>>>>>
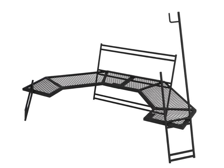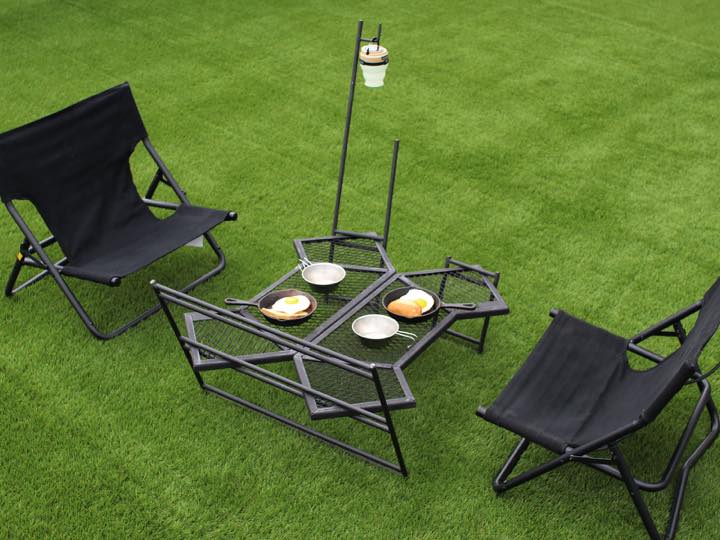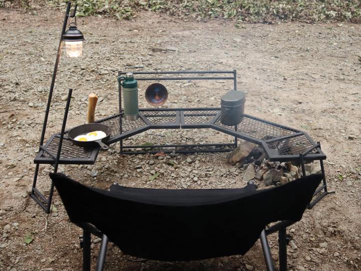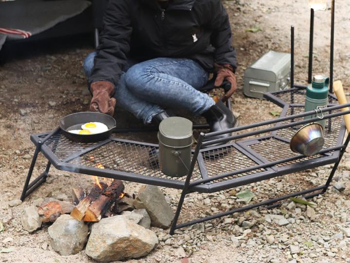 プレートには3mm厚のスチールを使用しており、焚き火の上で使用できます。フライパンや鍋を置いてそのまま調理可能。ひとり用の調理台兼焚き火台兼食事用テーブルとして活躍します。また高さを抑えたため、座面の低いチェアやお座敷スタイルと相性抜群。炎をより感じられる位置に座れるので、焚き火の前で使うテーブルとしておすすめです。
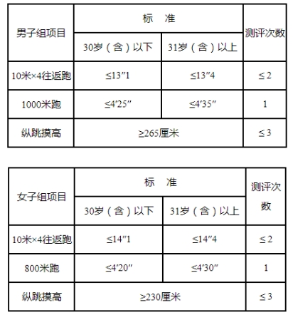 2、結(jié)果判定?忌枰淮涡酝ㄟ^三項測評方為體能測評合格,其中:10米×4往返跑測評不超過2次、縱跳摸高測評不超過3次、長跑測評1次;凡其中一項在規(guī)定測評次數(shù)內(nèi)未達標的,不再進行后續(xù)項目測評,體能測評結(jié)果為不合格。
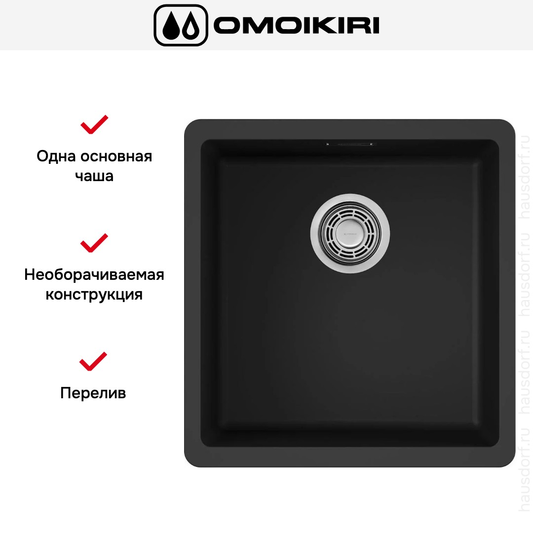 Мойка Omoikiri Kata 40-U BL — врезная модель с установкой под столешницу, выполненная в строгом квадратном силуэте и глубоком черном оттенке. Она занимает минимум места на кухне при габаритах 40×42 см, сохраняя привлекательный внешний вид и сдержанную эстетику. Компактность делает её идеальной для небольших зон или встраивания в модульную мебель.
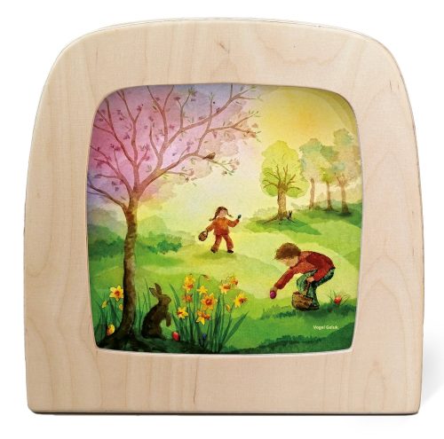 Het is een blikvanger en een mooi rustpunt op de seizoenstafel of op de kinderkamer. De afbeeldingen zijn te verwisselen voor ieder bijzonder moment. Een mooie manier om een traditie te starten met feesten en seizoenen
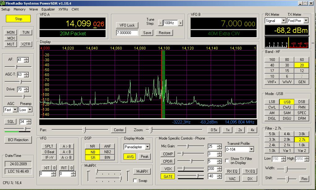 Есть небольшой вопрос, не уверен что он связан с освоением СДР, поэтому спрошу письмом. Собственно что интересует -случайно обратил внимание на то что на самом широком спектре при частоте дискретизации зв. карты 192кгц в PowerSDR в панораме идут очень ощутимые завалы по краям –децибел до 20.. причем что обидно не у самого края а плавно начинаясь практически из центра. Особенно заметно это на водопаде, на котором более-менее видны слабые станции.. а как раз водопад очень чувствителен к уровню сигнала. Результат смотрите на картинке -1- с письмом. Естественно я подумал что таково АЧХ зв. карты итд.. но пообщался с человеком у которого такая же точно зв. карта и выяснил что дело врядли в звуковухе –спектры собственных шумов чуть ли не копии.. а вот спектр в водопаде совсем другой, смотрите картинку -2- с письмом, -спектр намного равномернее и водопад соответственно рисует нормально. Из всего этого сделал вывод что дело в железке, т.е. в СДРе. Скажите на ваш взгляд действительно виноват СДР и можно ли это как то победить? Или проще плюнуть и не парится..?
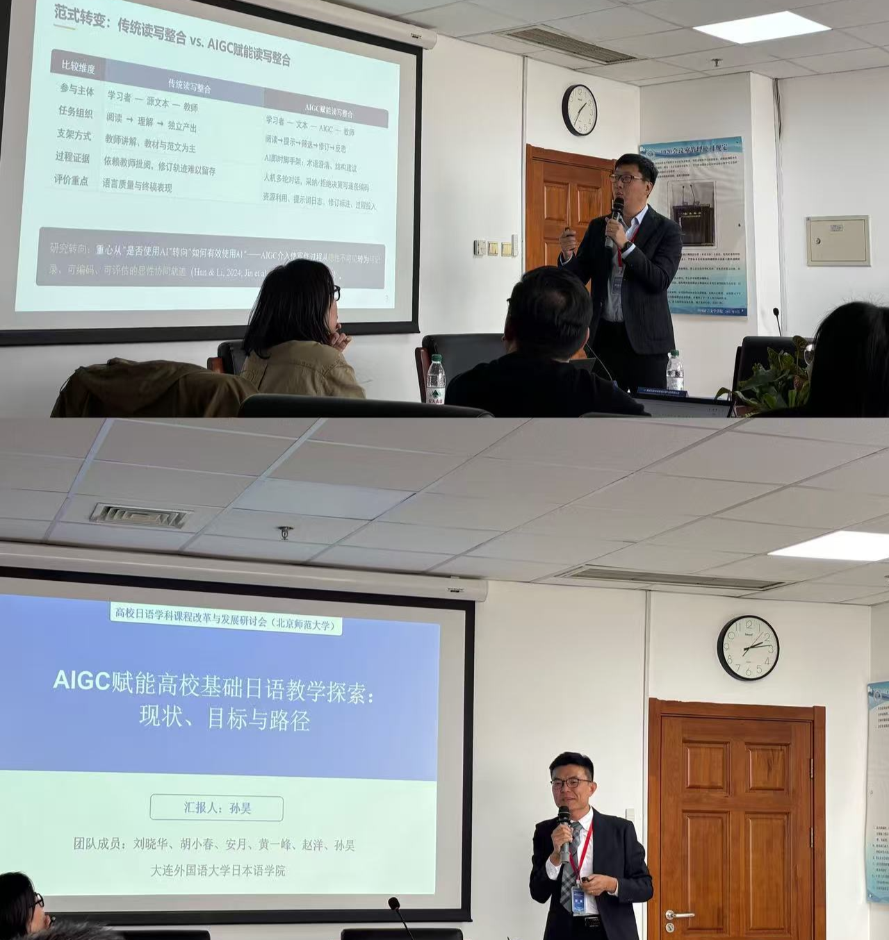 下午,教授葛睿、孙成志、刘克华、王楠,副教授刘伟、胡琪、张林,博士孙昊共八位主题发言人作精彩报告,金蕾、白蕊、张丽、张佳梅、霍沁宇、张晓东、范宽、张三妮、赵东茜、辛英花等10位一线教师做经验分享。大家分别围绕“培养目标引领下的核心课程体系、模块化课程的重构”“外语+模式下跨学科能力的融合机制与实现路径”“技术赋能与教学范式转型——AIGC在高校日语教学中的融合”“校本化教学资源与教材体系建设”四个专题展开深入交流与热烈讨论,头脑风暴不断、思想交锋频频,现场学术氛围浓厚,内容充实而富有启发性。
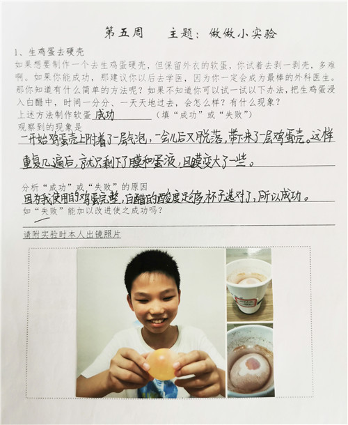 科学学科的一份活动性暑假作业让我记忆犹新。作业分为三个部分,观察、实验与思考。第一周的任务是完成自然笔记,后面三周属于观察部分,第五周、第六周属于实验部分,第七周则属于思考。其实这次做作业的过程,像极了科学探究过程。在这个过程中,我先花大量时间发现感兴趣的现象,再对此现象进行观察猜测,接着再去做实验验证。最后,不论实验成功与否,我们都会进行思考、总结。这份活动性作业与以往试卷习题不同,似乎可以轻松搞定,但要完成它需要我们认认真真参与,实实在在做实验,老老实实做记录,花的时间却远大于完成几张试卷。
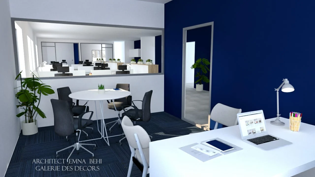 - Design et aménagement intérieur : cuisine équipée, espaces de travail, salles de réunion
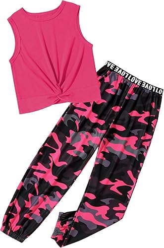 Stylish Design: This girls summer outfit from our range of clothes for girls features a twist-front top with a sleeveless cut and cropped length, offering a cute and trendy alternative to a basic T-shirt. The high-waisted camo pants with letter print elastic waistband, and cuffed ankles blend style and comfort perfectly
<<<<<
TASK REQUIREMENTS -
Repeat, with no pictures, every line from the top of the entries above through the line that has "Het is een blikvanger", keeping each one exact.

ANSWER FOR THE TASK -
 プレートには3mm厚のスチールを使用しており、焚き火の上で使用できます。フライパンや鍋を置いてそのまま調理可能。ひとり用の調理台兼焚き火台兼食事用テーブルとして活躍します。また高さを抑えたため、座面の低いチェアやお座敷スタイルと相性抜群。炎をより感じられる位置に座れるので、焚き火の前で使うテーブルとしておすすめです。
 2、結(jié)果判定?忌枰淮涡酝ㄟ^三項測評方為體能測評合格,其中:10米×4往返跑測評不超過2次、縱跳摸高測評不超過3次、長跑測評1次;凡其中一項在規(guī)定測評次數(shù)內(nèi)未達標的,不再進行后續(xù)項目測評,體能測評結(jié)果為不合格。
 Мойка Omoikiri Kata 40-U BL — врезная модель с установкой под столешницу, выполненная в строгом квадратном силуэте и глубоком черном оттенке. Она занимает минимум места на кухне при габаритах 40×42 см, сохраняя привлекательный внешний вид и сдержанную эстетику. Компактность делает её идеальной для небольших зон или встраивания в модульную мебель.
 Het is een blikvanger en een mooi rustpunt op de seizoenstafel of op de kinderkamer. De afbeeldingen zijn te verwisselen voor ieder bijzonder moment. Een mooie manier om een traditie te starten met feesten en seizoenen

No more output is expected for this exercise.